Anterior Circulation
The ICA consists of seven embryonic segments and this “embryonic” classification can explain the configuration and distribution of segmental agenesis and other anatomic variations [1].
ICA enters the cranial cavity through the carotid canal of petrous bone. For clinical purposes, the seven anatomical segments classification system by Bouthillier, is currently widely accepted -C1 cervical, C2 petrous, C3 lacerum, C4 cavernous, C5 clinoid, C6 ophthalmic and C7 communicating [2].
Two small but important branches arise from the cavernous ICA (C4). The tentorial and inferior hypophyseal artery may arise as a meningohypophyseal trunk. The inferolateral trunk supplies adjacent cranial nerves and anastomoses with the external carotid (ECA).
A very important anatomic landmark and a subject of great surgical attention, is the “transitional” or clinoid area of ICA. The vessel passing this area goes through the so-called distal dural ring and becomes intradural-subarachnoid. This transition is critical, because aneurysms past the aforementioned point are located in the subarachnoid space, and their rupture leads to subarachnoid hemorrhage. In the majority of people (~90 %) the ophthalmic artery which is the first major branch of ICA, is usually located distal to the distal dural ring (Fig. 2.1).
The C7 segment of ICA gives rise to two important branches, the posterior communicating artery (pCom) and the anterior choroidal artery. The former is part of the COW anastomotic network, varying in size and sometimes occurring as a fetal-type posterior communicating artery. The latter supplies the posterior limb of internal capsule, cerebral peduncle and optic tract, medial temporal lobe and choroid plexus (Fig. 2.1).
The main anatomic variations of ICA include course deviations [3] and segmental agenesis of the vessel, where each of these embryonic vessels represents the potential point of vascular reconstitution of flow into the distally preserved ICA. The aberrant course of ICA is such a configuration. In children, the diagnosis of course variations (especially the retropharyngeal course of ICA) must always be predicted, especially prior to adenotonsillectomy, in order to avoid catastrophic complications [4, 5]. Generally, knowledge of these variations is crucially important for neck surgery.

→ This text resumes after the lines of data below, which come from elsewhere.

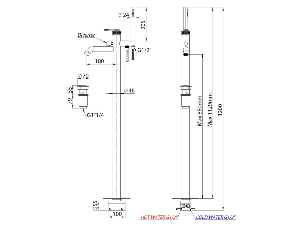 Vanová baterie s připojením do podlahy, chrom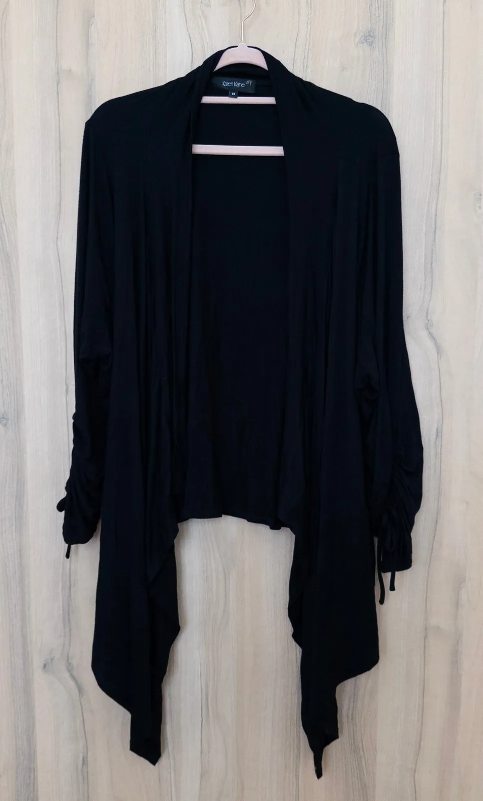 Karen Kane black open front cardigan sweater. This stylish piece features a flattering drape front silhouette and chic ruched detailing on the sleeves with tie accents. Perfect for layering over a casual outfit or dressing up for an evening out, this cardigan is ideal for brunch with friends or a relaxed dinner date. *Check last photo for approx. measurements, taken flat lay* Style: minimalist, chic, elevated basics, quiet luxury, classic style, capsule wardrobe, modern casual, soft drape, versatile, timeless Condition: Excellent condition. No visible flaws. See all photos for details. Ships next business day. Bundle deals available. Smoke-free home. Please check measurements before purchasing.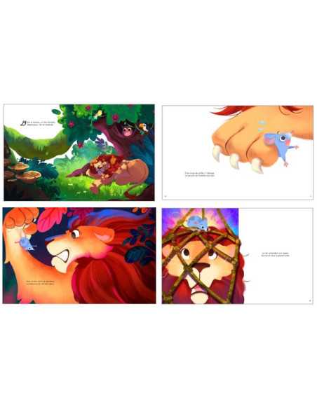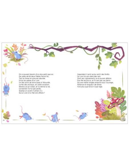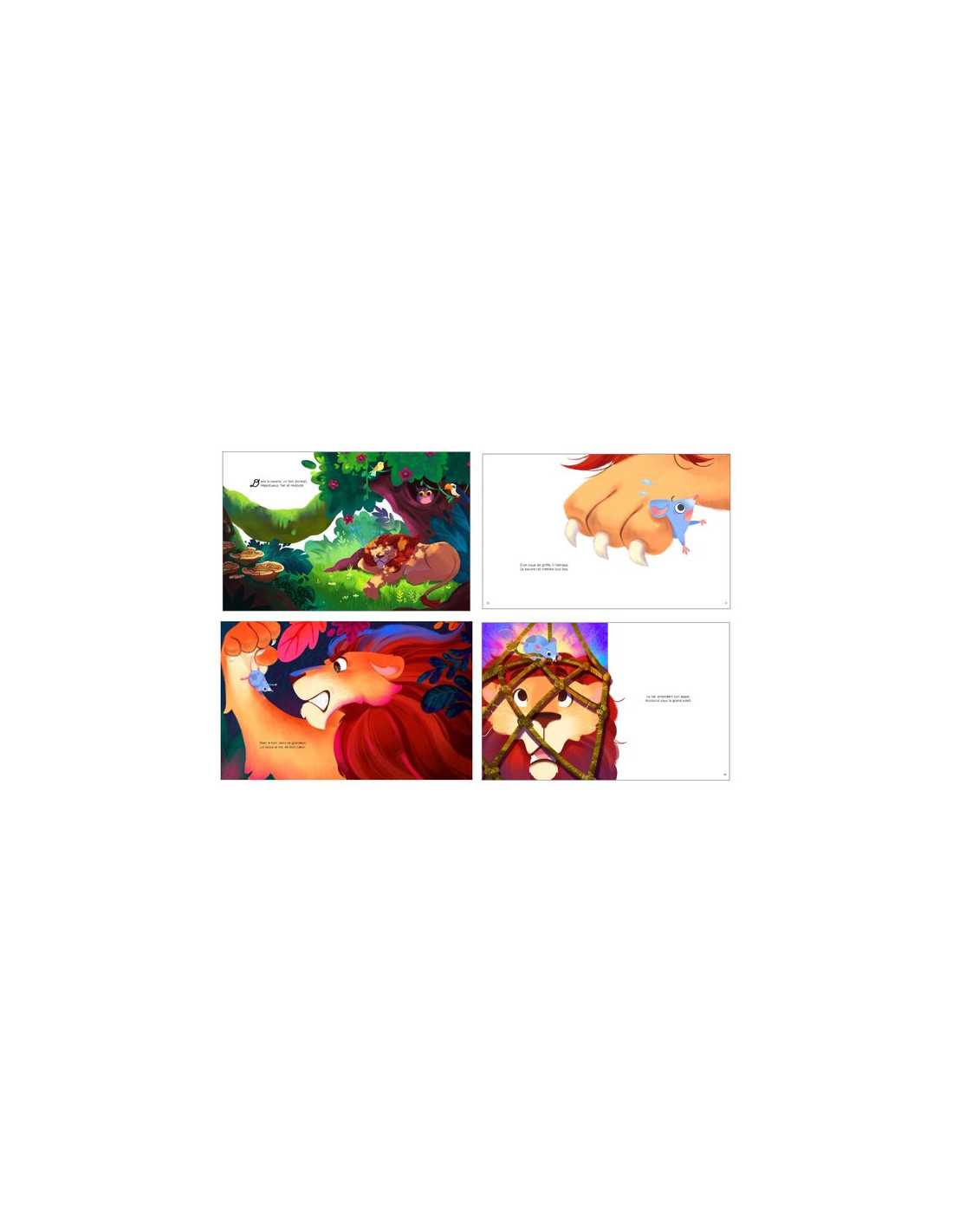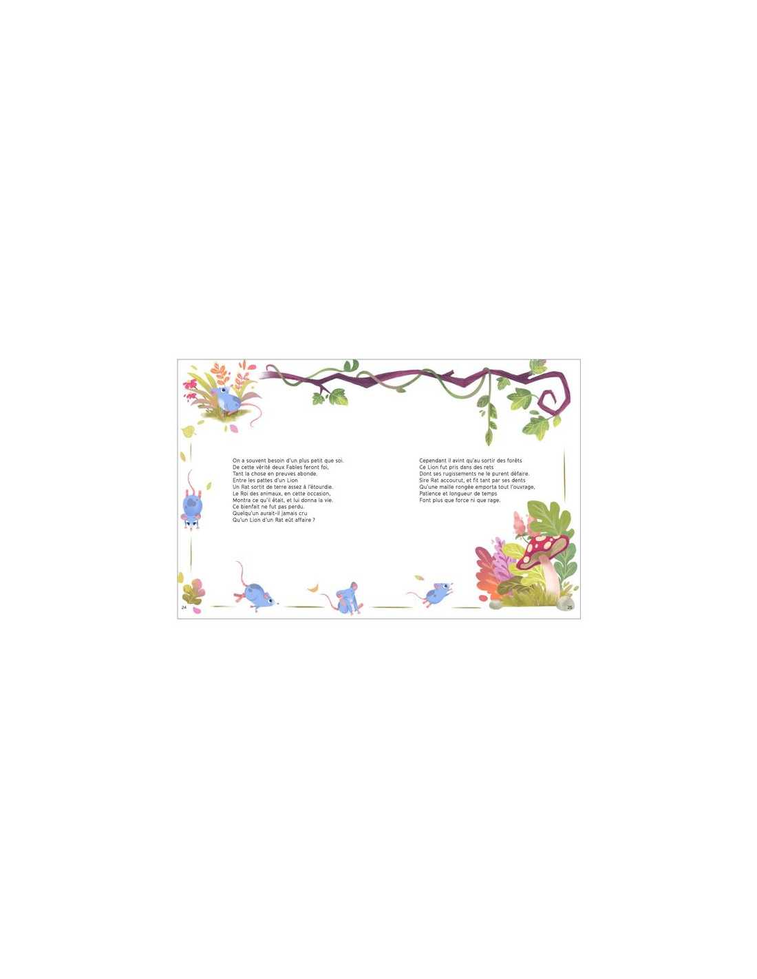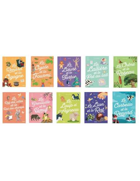 L’étui cartonné, tout en dorure, propose 10 livres reliés en couverture souple avec 10 fables : La Cigale et la fourmi, Le chêne et le roseau, Le corbeau et le renard, La grenouille et le boeuf, La laitière et le pot au lait, Le lion et le rat, Le loup et l’agneau, Le rat des villes et le rat des champs, Le renard et la cigogne et Le lièvre et la tortue.

The terminal ICA is divided into the anterior (ACA) and middle cerebral arteries (MCA).
The ACA is divided into four segments: horizontal segment (A1), vertical segment (A2), genu segment (A3) and terminal portions (A4-A5) (Fig. 2.2a). The A1 segment is connected to the contralateral A1 segment by the anterior communicating artery (AcomA). The A1 segment gives rise to small perforating branches, the medial lenticulostriate arteries (LS). The recurrent artery of Heubner is the largest of the perforating branches, arising from the A1 or A2 segment (in 80 %).
The A2 segment gives rise to orbitofrontal artery and frontopolar artery, while A3 segment gives rise to pericallosal and callosomarginal arteries (Fig. 2.2b).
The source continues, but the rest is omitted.